The Shiny app enables CNV analysis similar to the RNAseqCNV_wrapper. In addition, it provides an interactive interface to view the result and curate the reported CNVs. It is launched by:
launchApp()
The Shiny app needs a metadata file and a config file as input. Users have the option to analyze the first sample as a test run or full analyze of all the samples in the metadata table. After the analysis (either through RNAseqCNV_wrapper or Shiny app), the two other tabs (Manual CNV analysis and Export) will be shown.

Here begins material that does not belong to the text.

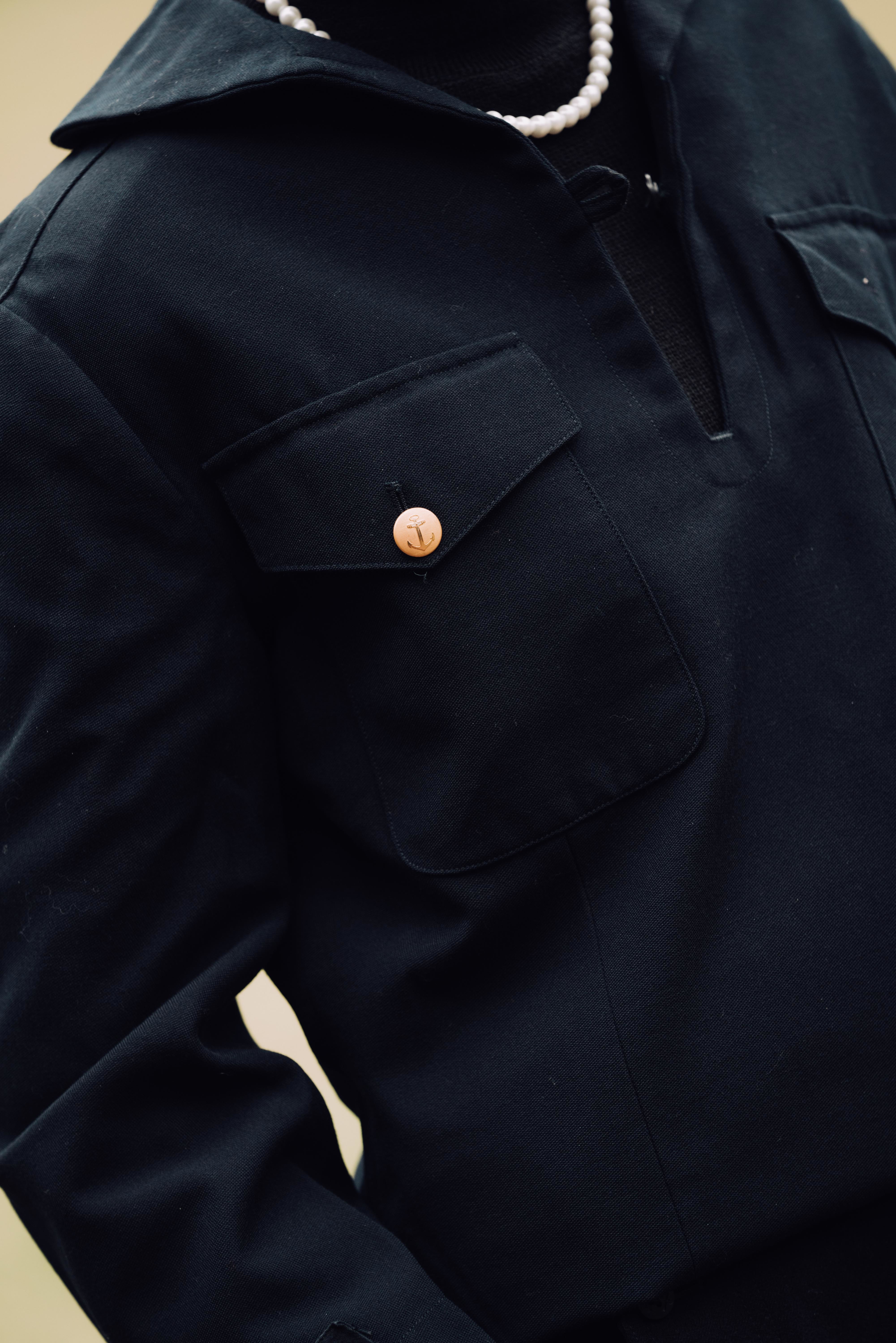 以開襟設計為主要特色的瑞典海軍上衣,聰明地在胸前設置暗扣,維持上衣齊整。在冷風颼颼的時節,建議內搭一件毛衣,應付低溫。
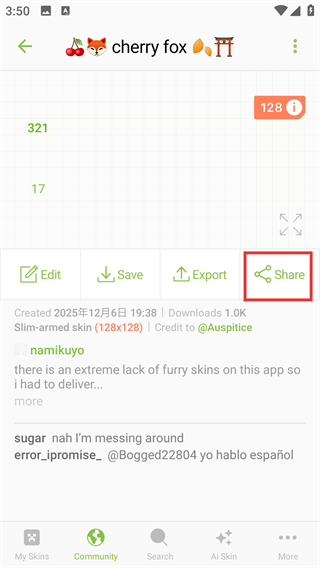 允许用户导入和导出自己的皮肤和纹理。这使得用户可以在不同的设备和平台之间分享自己的作品。

Users can adjust the parameters (mentioned earlier) for the analysis through check boxes and radio buttons.
To test the app and the package, there is an option to perform mock analysis with built-in example data without any input config and metadata. The results will be saved in the directory selected by the user after clicking the button "Mock analysis". The Manual analysis tab and Export tab will be available after the mock analysis is done.
In this tab, users can browse through the analyzed samples and arm-level figures (if generated). Users can correct the CNV calls manually and add comments. After manual curation, users can click "Save" button to save the changes into the manual analysis table in the output directory. Button "Default analysis" can restore the original CNV output into the manual analysis table.
This tab enables customized table export by selecting desired columns.